Images are to be dropped, and the rest of the data reproduced exactly.

▸ DATASET EXCERPT
=== Section Start ===

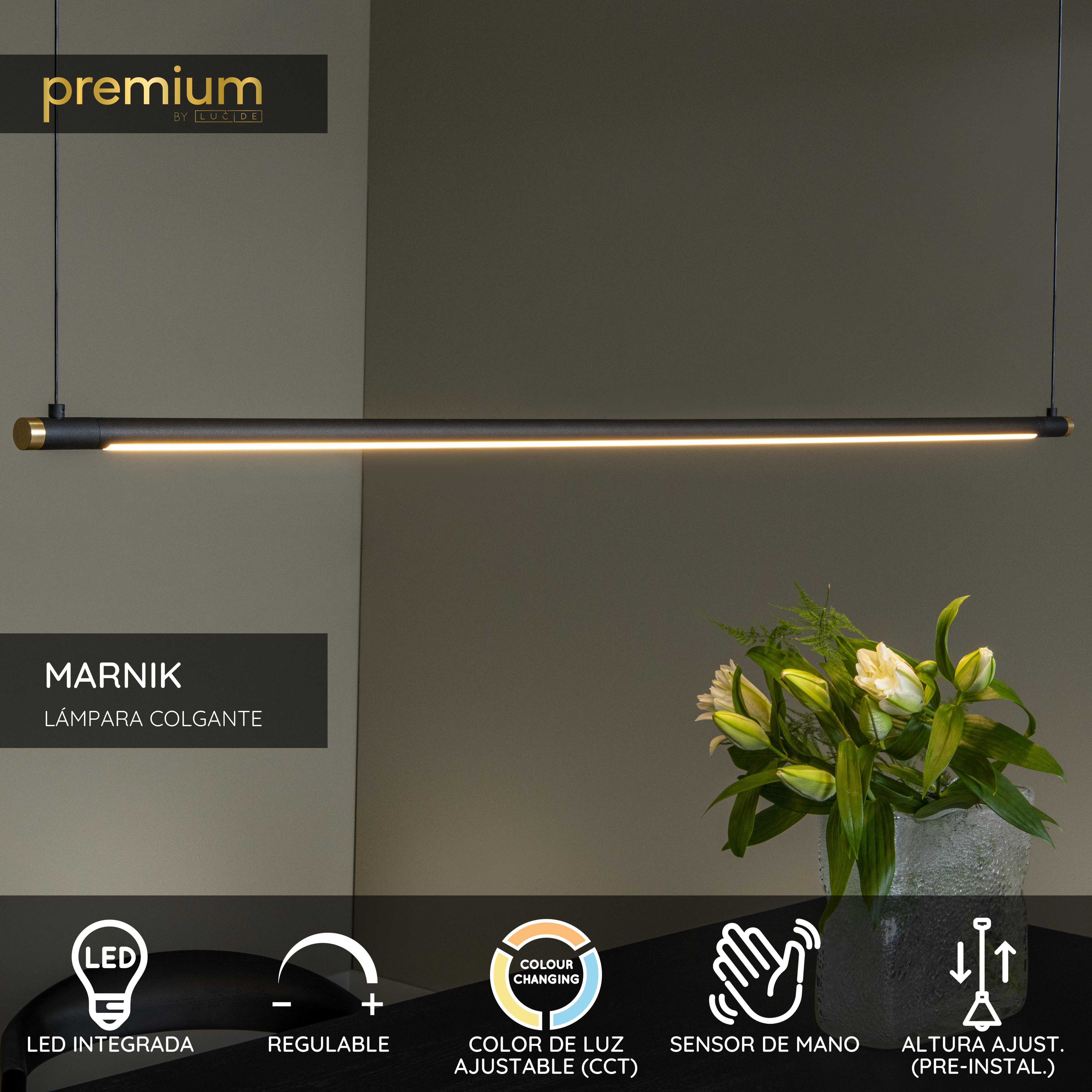 Aporta un diseño elegante y refinado a tu interior con la lámpara colgante Lucide Premium MARNIK. Con un perfil delgado de Ø2,5 cm y una altura de 160 cm, esta lámpara colgante cilíndrica moderna añade un toque sutil pero lujoso a cualquier espacio. Gracias a su LED integrado regulable (22W, 2700K-4000K), puedes ajustar fácilmente la temperatura de la luz mediante su sensor de movimiento manual por niveles en el producto. Su sensor de movimiento manual permite encender y apagar la luz con un simple gesto. La altura es ajustable antes de la instalación, asegurando un ajuste perfecto para tu interior. Fabricada en aluminio de alta calidad con un elegante acabado en negro con detalles dorados, la MARNIK se integra perfectamente en interiores modernos. ¡Pídela ahora y descubre el equilibrio perfecto entre diseño y funcionalidad! Este producto no debe conectarse a un interruptor de pared y solo puede controlarse mediante los mandos integrados en el propio producto.
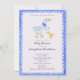 Jetez le baby shower d'oie sot le plus mignon avec ces invitations de douche bébé d'oie sotte bleue. Ces invitations disent : "Une oie stupide sur le point d'être en liberté !". Customisez ces invitations de baby showers d'oies de pays bleu en modifiant le texte et en ajoutant vos informations. Illustration d'oie dessinée à la main par OhMyStarling.
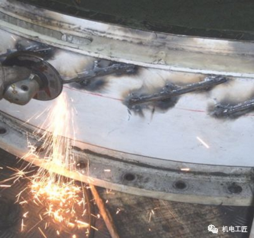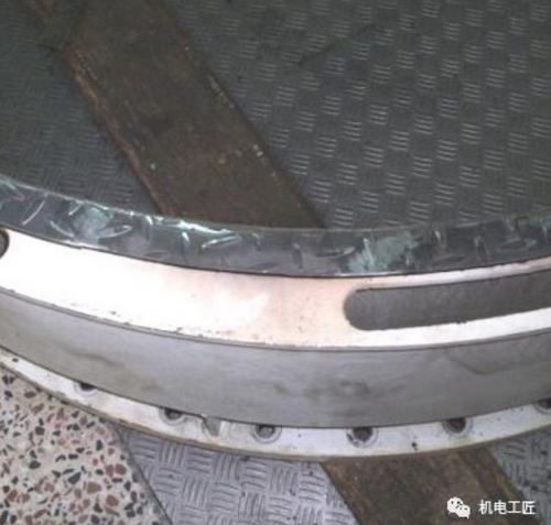 1、挡油圈上部平面圆周采用钢板焊接挡板阻止润滑油往上窜。

=== Section End ===

▸ WRITTEN RESPONSE
 Aporta un diseño elegante y refinado a tu interior con la lámpara colgante Lucide Premium MARNIK. Con un perfil delgado de Ø2,5 cm y una altura de 160 cm, esta lámpara colgante cilíndrica moderna añade un toque sutil pero lujoso a cualquier espacio. Gracias a su LED integrado regulable (22W, 2700K-4000K), puedes ajustar fácilmente la temperatura de la luz mediante su sensor de movimiento manual por niveles en el producto. Su sensor de movimiento manual permite encender y apagar la luz con un simple gesto. La altura es ajustable antes de la instalación, asegurando un ajuste perfecto para tu interior. Fabricada en aluminio de alta calidad con un elegante acabado en negro con detalles dorados, la MARNIK se integra perfectamente en interiores modernos. ¡Pídela ahora y descubre el equilibrio perfecto entre diseño y funcionalidad! Este producto no debe conectarse a un interruptor de pared y solo puede controlarse mediante los mandos integrados en el propio producto.
 Jetez le baby shower d'oie sot le plus mignon avec ces invitations de douche bébé d'oie sotte bleue. Ces invitations disent : "Une oie stupide sur le point d'être en liberté !". Customisez ces invitations de baby showers d'oies de pays bleu en modifiant le texte et en ajoutant vos informations. Illustration d'oie dessinée à la main par OhMyStarling.
 1、挡油圈上部平面圆周采用钢板焊接挡板阻止润滑油往上窜。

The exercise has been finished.